America, we cannot turn back. Not with so much work to be done. Not with so many children to educate, and so many veterans to care for. Not with an economy to fix and cities to rebuild and farms to save. Not with so many families to protect and so many lives to mend.

Italics mine, to indicate WTF. I do not want my president to be in the farm-saving business. We had so, so many more farms in 1900 than we had in 2000, and that's because we were busy doing things more interesting and productive than milking cows at 5 in the morning. I do not want a president who sees his job description as "fixing" cities, a job that is done better by those who live nearby, and by those who believe that there are better solutions to our nation's shamefully shitty public education than throwing more "resources" at the problem and hiring five million new green teachers or whatever. Above all, I do not want my president to mend lives (nor end them, for that matter). I would prefer he concentrate on the stuff a federal government can and should do, and do a better job of it.

Toward that end I was heartened, if not exactly mollified, that his other truly impassioned moment came when talking about the subject that is most determinative for me personally, foreign policy:

If John McCain wants to have a debate about who has the temperament, and judgment, to serve as the next commander in chief, that's a debate I'm ready to have.

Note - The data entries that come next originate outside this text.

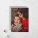 Skicka önskemål till din familj och dina vänner med det här minimalistiska fotokortet. Ett foto på framsidan och blommönstret på baksidan, åtföljt av vackert, vitt skript kalligrafi. Det moderna och minimalistiska stil kommer verkligen att låta dina familjefotografier skina. Om du vill ha en annan bakgrund i färg kan du enkelt ändra den genom att öppna ytterligare alternativ för anpassning.
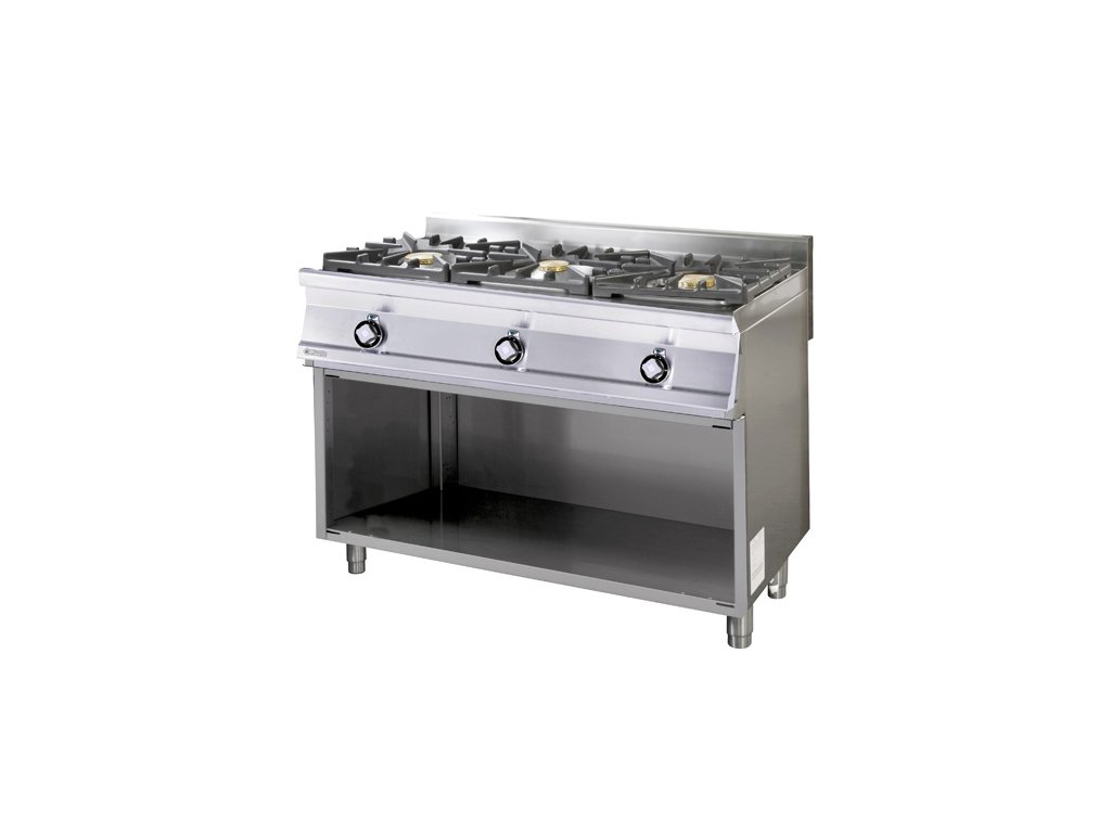 rozmer: 1200x600x900mm(šxhxv); príkon plyn: 27kW; plynový príkon horákov: 2x10kW + 1x7kW; počet horákov: 3ks; na otvorenej podstavbe; príslušenstvo na objednávku: ; -dvere; -WOK nádstavec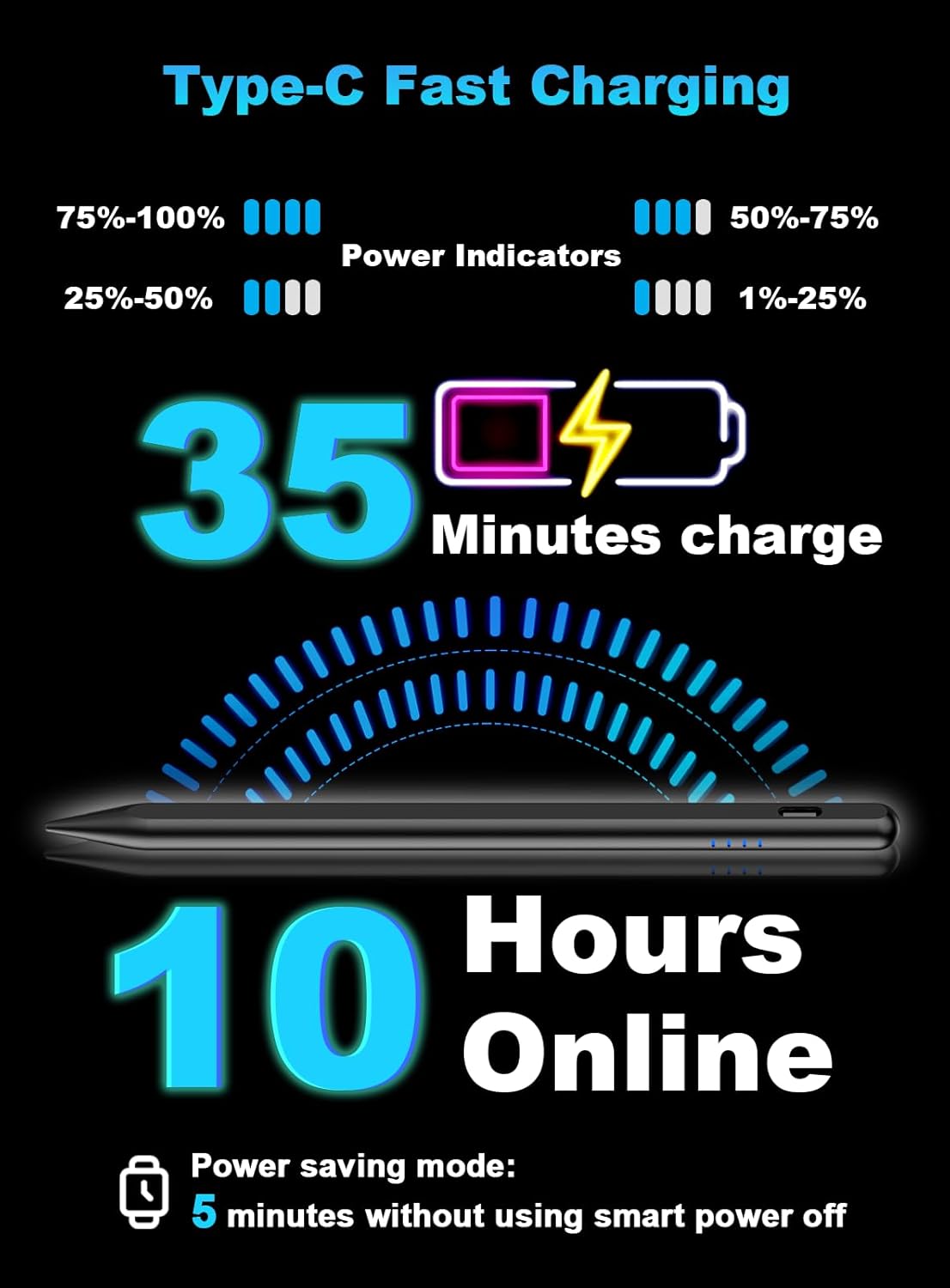 - 【Easy to Use & LED Power Display】 : Quickly tap the top button twice to turn it on/off. The touch screen pen can be used immediately and no Bluetooth connection is required. The iphone pen is equipped with a 4-LED indicator light on the side, allowing you to check the power status in real time, which is worry-free. It will automatically shut down after 5 minutes of inactivity, which is highly efficient and energy-saving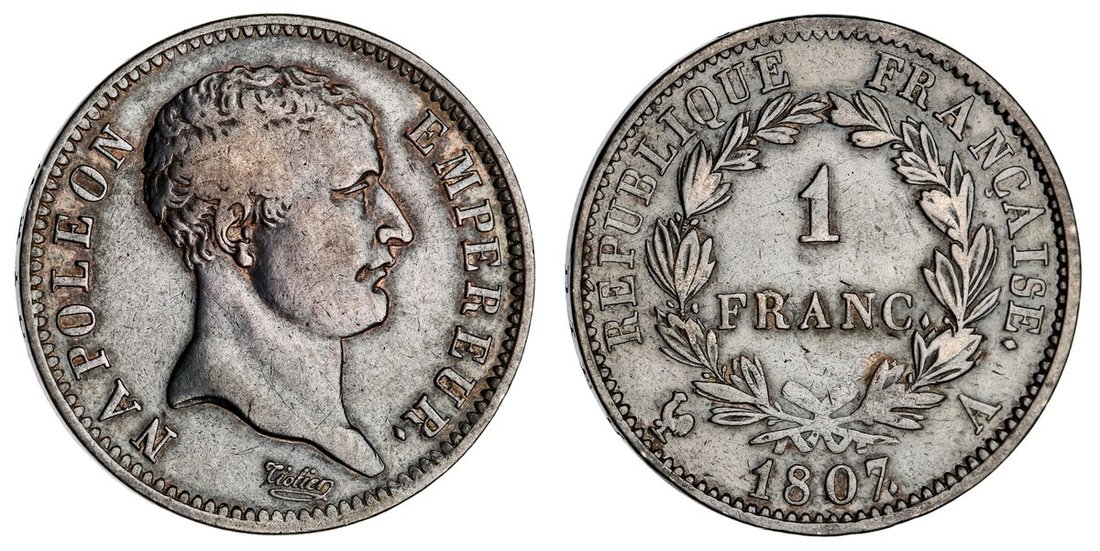 France, First Empire, Napoleon I (1804-1814), 1-Franc, 'African Head', 1807 A, Paris, bare head right, rev. denomination within wreath, dividing mintmarks, year below, edge lettered, 4.95g, 6h (Gad. 445; KM 681.1), cleaned and rubbed, retoned, fine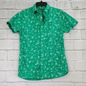 Hang Ten Surf Hawaiian Short Sleeve Shirt Button Up Tiki Men Size Small green .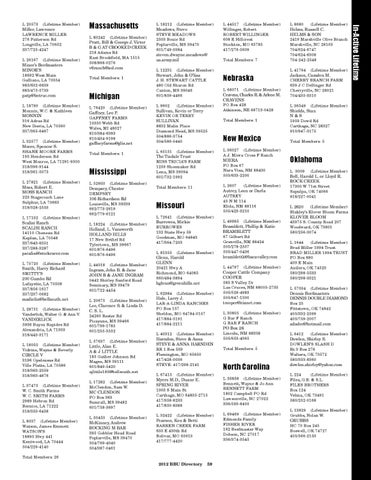 Mississippi L 52603 (Lifetime Member) Dempsey, Chester DEMPSEY 106 Richardson Rd Louisville, MS 39339 662/773-2619 662/779-6121 L 18224 (Lifetime Member) Holland, L. Vansworth HOLLAND HILLS 17 New Bethel Rd Tylertown, MS 39667 601/876-6496 601/876-6496 L 44018 (Lifetime Member) Ingram, John B. & Jane JOHN B & JANE INGRAM 0442 Shirley Sanford Road Seminary, MS 39479 601/722-4454 L 20675 (Lifetime Member) Lee, Clarence S. & Linda D. C. S. L. 24260 Rester Rd Picayune, MS 39466 601/799-1785 601/255-5552 L 57637 (Lifetime Member) Little, Alan E. A & J LITTLE 185 Gather Johnson Rd Magee, MS 39111 601/849-5420 ajlittle185@bellsouth.net L 17282 (Lifetime Member) McClendon, Sam W. MC CLENDON PO Box 363 Sumrall, MS 39482 601/758-3697 L 50453 (Lifetime Member) McKinney, Andrew ROCKING M BAR 395 Gobbler Head Road Poplarville, MS 39470 504/769-4040 504/387-0461

For while Sen. McCain was turning his sights to Iraq just days after 9/11, I stood up and opposed this war, knowing that it would distract us from the real threats we face. When John McCain said we could just "muddle through" in Afghanistan, I argued for more resources and more troops to finish the fight against the terrorists who actually attacked us on 9/11 and made clear that we must take out Osama bin Laden and his lieutenants if we have them in our sights. […]

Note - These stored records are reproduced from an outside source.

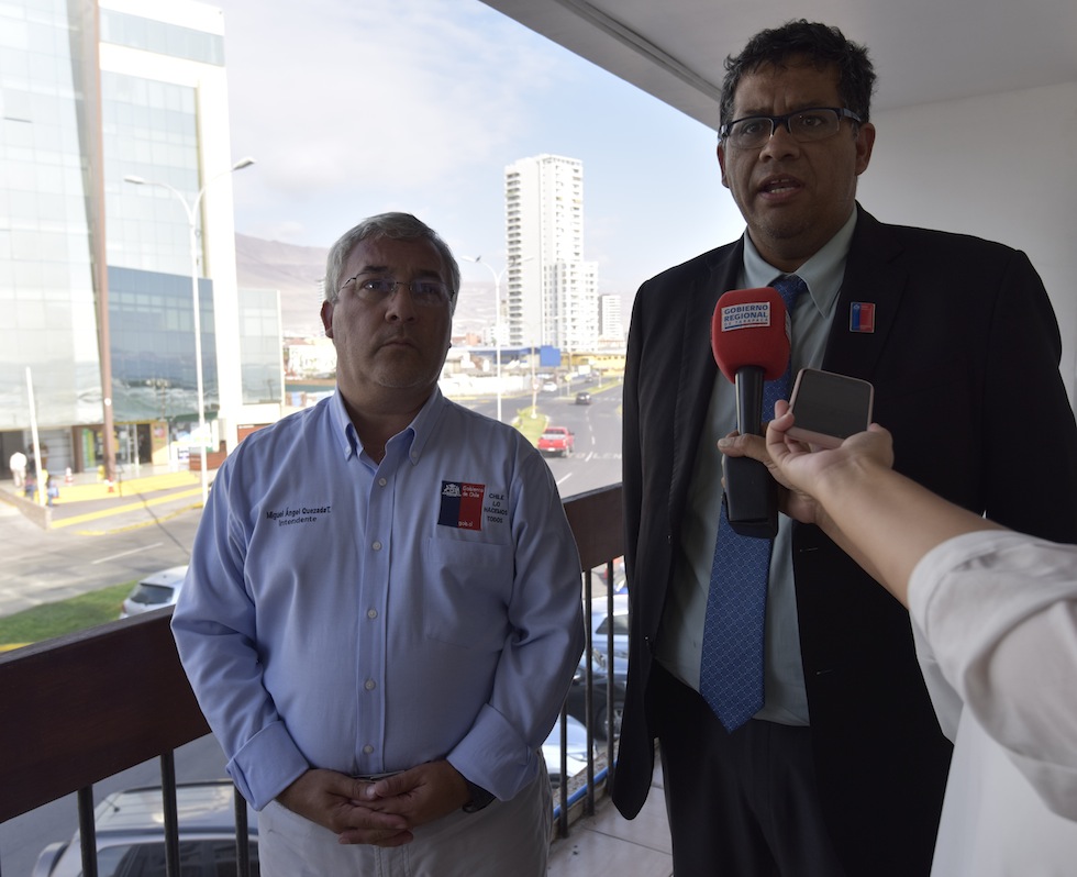 El Intendente de Tarapacá, Miguel Ángel Quezada junto al seremi de Salud, Manuel Fernández.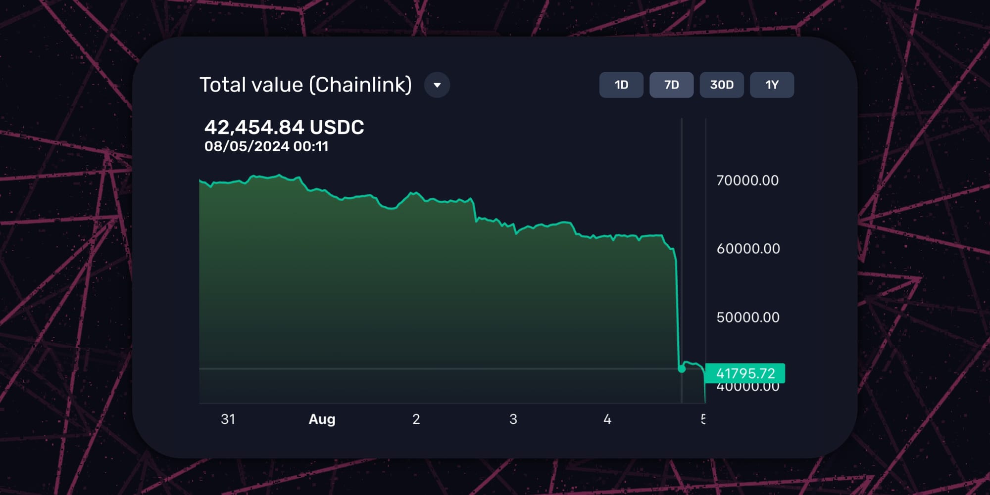 The effectiveness of fundamental oracles can be observed in the chart below. The green line denotes the Fundamental Oracle or reserve price, and the red line denotes the market oracle. While market Oracles remain volatile, fundamental Oracles completely muffle the volatility and make leverage friendlier.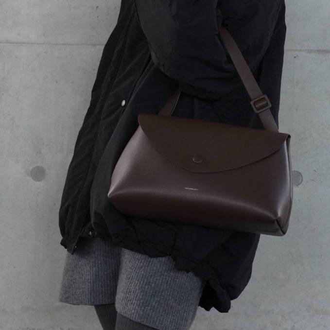 しなやかなレザー風素材と、無駄を削ぎ落としたフラップフォルムが、どんなスタイルにも都会的な表情を添えます✨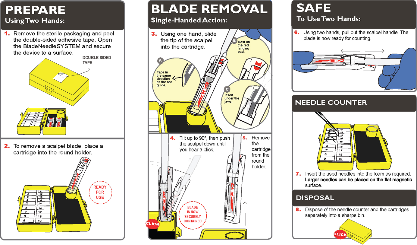After the count has been performed, the whole BladeNeedleSYSTEM unit should be disposed of as medical waste in a sharps container.

You don't defeat a terrorist network that operates in 80 countries by occupying Iraq. You don't protect Israel and deter Iran just by talking tough in Washington. You can't truly stand up for Georgia when you've strained our oldest alliances.

Promisingish! But then, this pile of platitudinal yet expansionist pablum:

I will build new partnerships to defeat the threats of the 21st century: terrorism and nuclear proliferation; poverty and genocide; climate change and disease. And I will restore our moral standing, so that America is once again that last, best hope for all who are called to the cause of freedom, who long for lives of peace, and who yearn for a better future.

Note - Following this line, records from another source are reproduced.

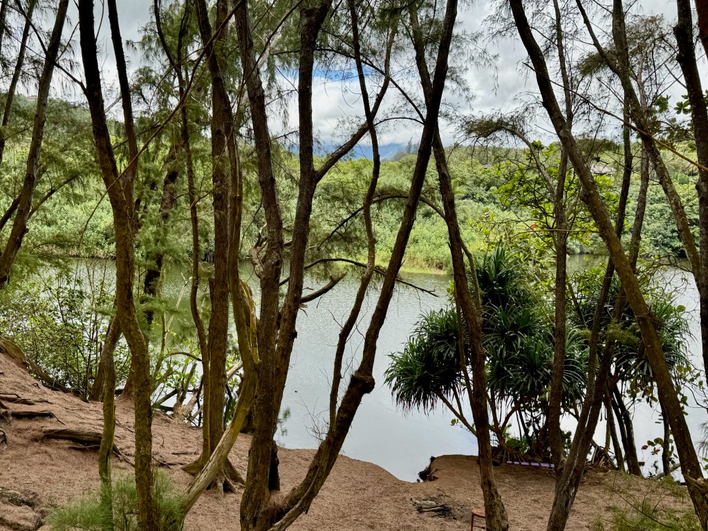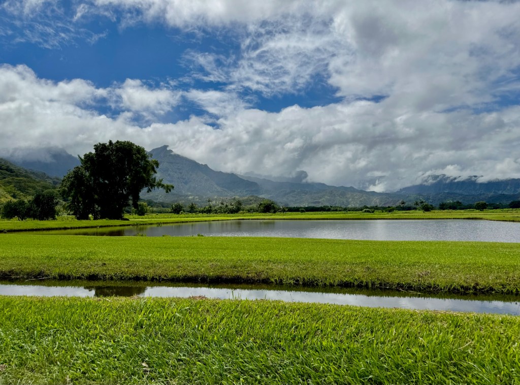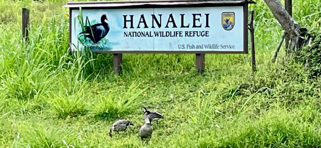 As we continued on, we learned about one-lane bridges. Everyone going one way gets to finish crossing the bridge, then everyone going the other way gets their turn. (I became proficient at them before the day was over!). After crossing the first one, we were told to turn left to head towards the Hanalei National Wildlife Refuge. What he didn’t warn us about is that it is a one-lane road through the middle of taro fields. Thankfully no one came towards us while we were driving through.
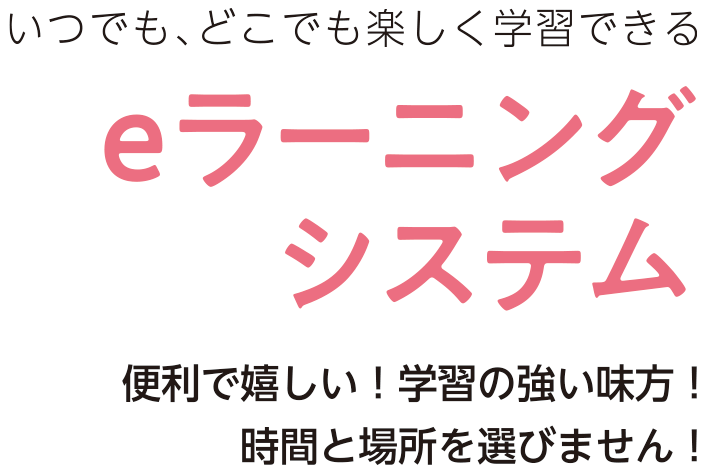 eラーニングなら「いつでも・どこでも・何度でも」学習できます。ご家庭で、外出先で、退勤・通学時、お昼休みや放課後など、時間と場所を選びません。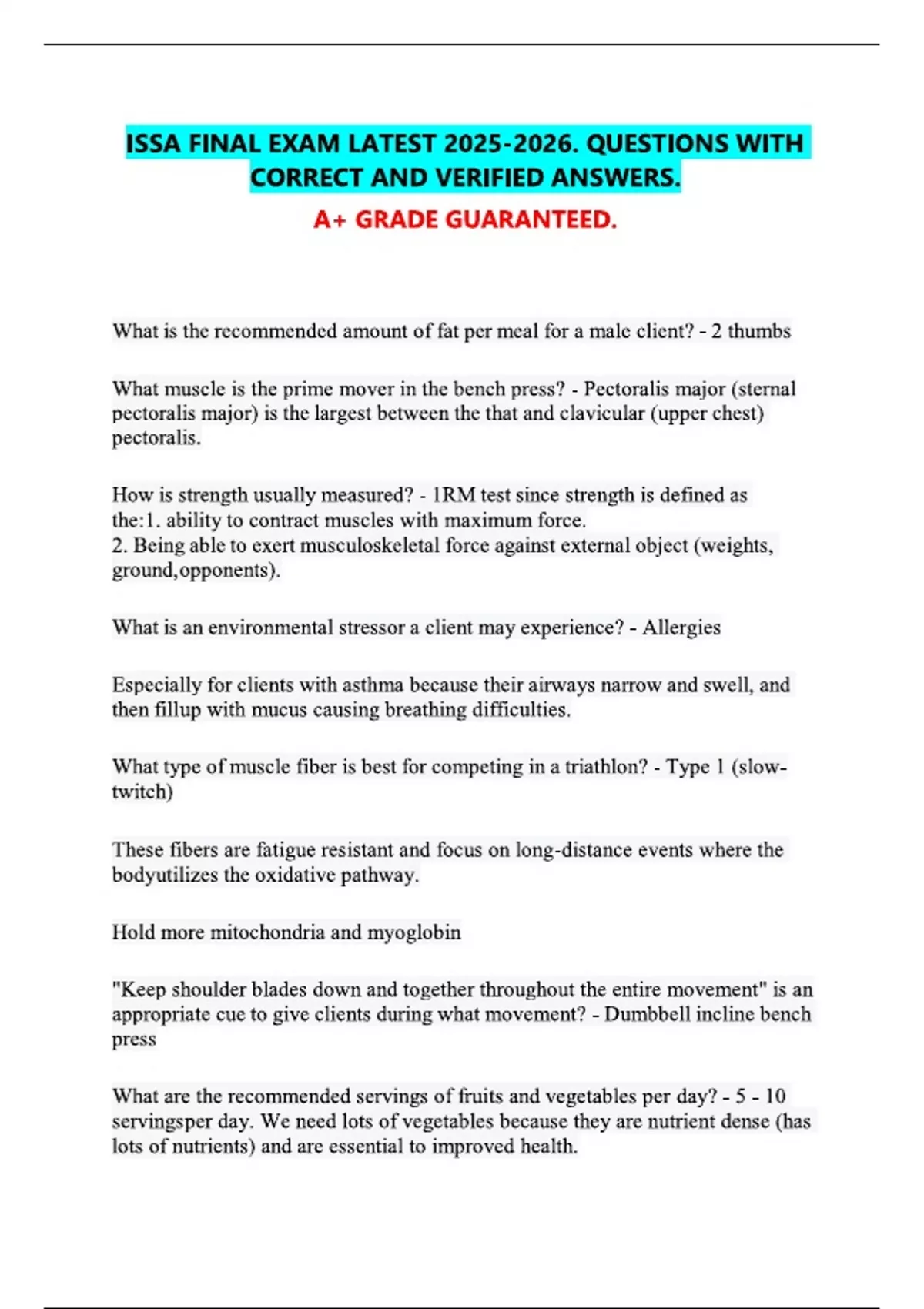 ISSA QUESTIONS ALL WITH 100% CORRECT ANSWERS - Exercise Specialist ...

I certainly won't move to Nova Scotia if Obama wins. But he's sketching out an economic policy and rhetoric significantly to the left (and more importantly, to the dumber) of those who won Democratic nominations before him. His foreign policy still doesn't make any particular sense. He certainly embodies something in the American political system that is fascinating, certainly intelligent, but not necessarily something you'd agree with. Over to you, John McCain.